И никак не могло быть того, чтобы какая-нибудь часть одеяний или доспеха княжеского была бы подана не с той стороны, с какой надлежало ей быть поданной, или не теми руками.

И никак не могло быть, чтобы тот боярин, чьей обязанностью было застегнуть, как должно, сзади, под коленкой и над лодыжкою князя, ремешки панцирных поножей, вместо того принялся бы застегивать ремешки панцирных зарукавий.

То явилось бы бесчинием.

Но зато после этого обряда одевания князь Галицкий и вышел из шатра блистающий как солнце.

Не шелками да аксамитами одет был сегодня князь Галича и Волыни, но и не кольчуга, в которой бился на поле брани, была на властелине Карпат, но редкостные доспехи торжеств и дней нарочитых.

Предстоял смотр войску.

Едва успели миновать Киев, как трое гонцов, один вслед за другим, — так полагалось в случаях срочных и чрезвычайных, — были посланы в столицу, в Холм, дабы возвестить брату Васильку, владыке Кириллу и Анне Мстиславовне, что князь возвращается из Орды в добром здоровье и с великим успехом.

Осмотрев себя в серебряное полированное зеркало, держимое перед ним дружинником, князь вышел из шатра на поляну. Здесь было еще больше солнца, еще больше весны, еще сильнее опахнул князя радостный с детства запах зеленой сочной травы и запах только-только прочкнувшейся и еще как бы стиснутой в тугих сборочках листвы берез.

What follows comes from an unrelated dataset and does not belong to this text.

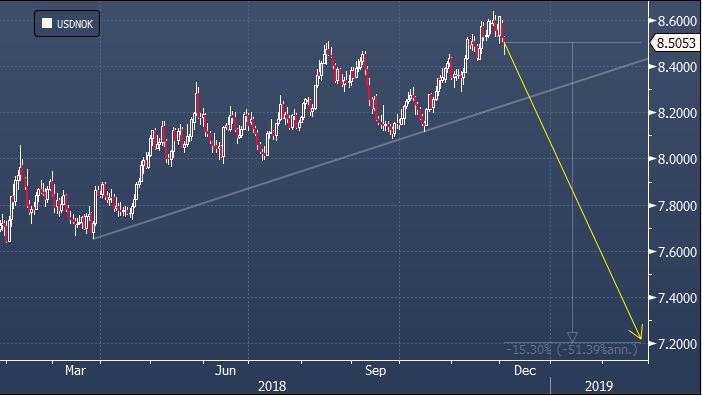 Societe Generale прогнозирует, что курс USDNOK снизится до 7.2 крон за доллар в 2019 году. Это означает укрепление норвежской кроны на 15% относительно текущих значений.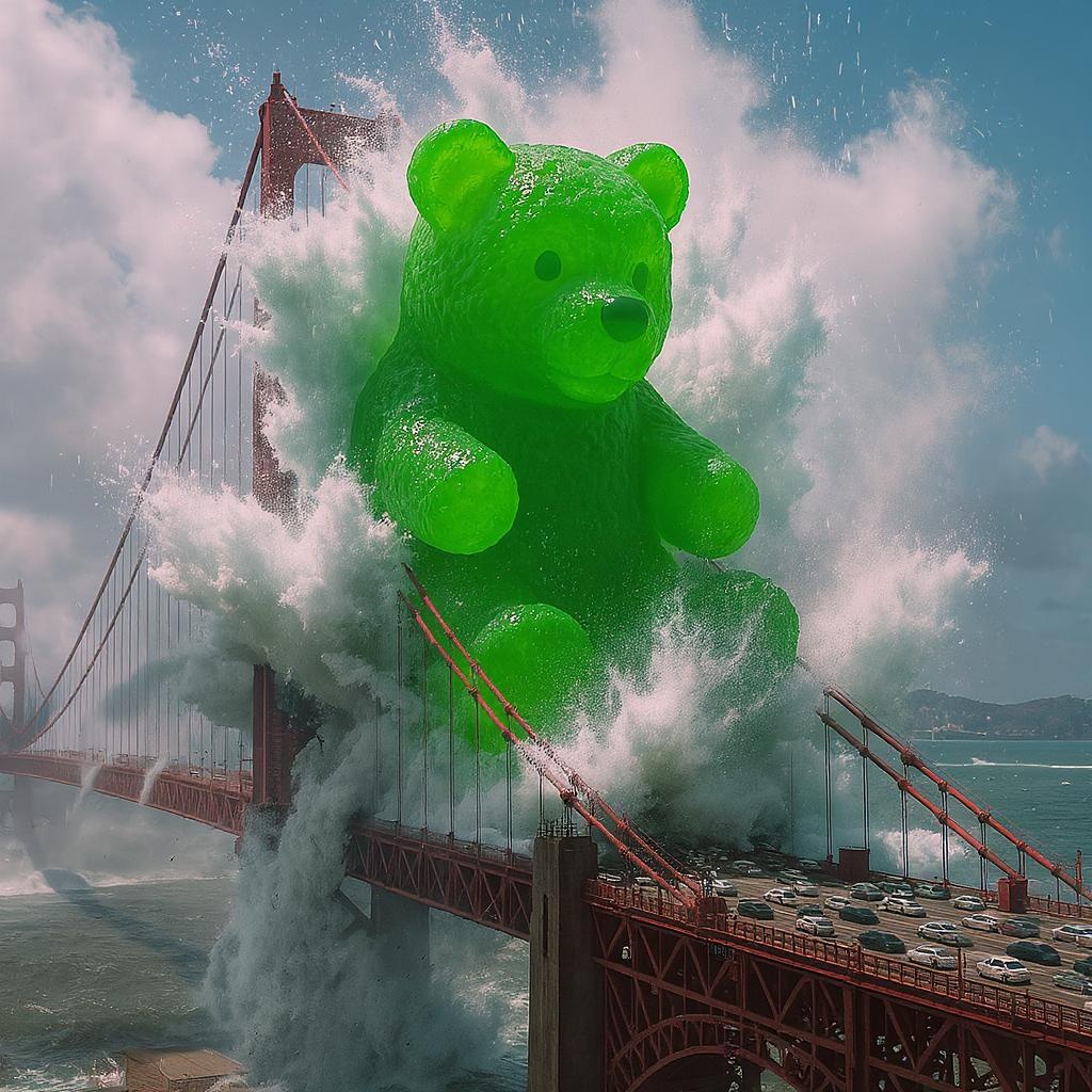 A colossal emerald-hued gummy bear rampages through the Golden Gate Bridge, creating chaos and gridlock, as towering waves crash against the pillars and vehicles scatter like ants amidst the destruction, casting a surreal, cinematic doomsday over San Francisco.

Князь остановился и глубоко-глубоко — так, что грудь расширила панцирь и скрипнули панцирные ремешки, — вдохнул в себя воздух родины.

С возвышенности, где остановились, верстах в двух, не более, виден был город Холм — золотой и многоцветный от куполов и крестов, от лазоревых и красных теремных кровель.

Вот он, Холм! Скоро, скоро уже вздымет он, Даниил, на могучие руки свои милую домерь, свет очей своих, ландыш свой карпатский.

«Господи, — подумал он с внутренней улыбкой, — косы-то, косы-то, поди, как выросли!..»

И крошечные косички княжны Дубравки — золотистый лен — словно бы легли вдруг на отцовскую ладонь.

Маленькой княжне всегда заплетали две косы — каждая не больше чем пшеничный колосок, но зато уж вкосники — всегда либо из белого, либо из алого шелка — были широченные, туго выглаженные, и Дубравка-Аглая совершенно всерьез принимала восторги и похвалы, расточаемые отцом в честь ее кос.

«Да уж, наверно, любимые свои, красные, вплетет сегодня ради приезда отца!» — подумалось Даниилу.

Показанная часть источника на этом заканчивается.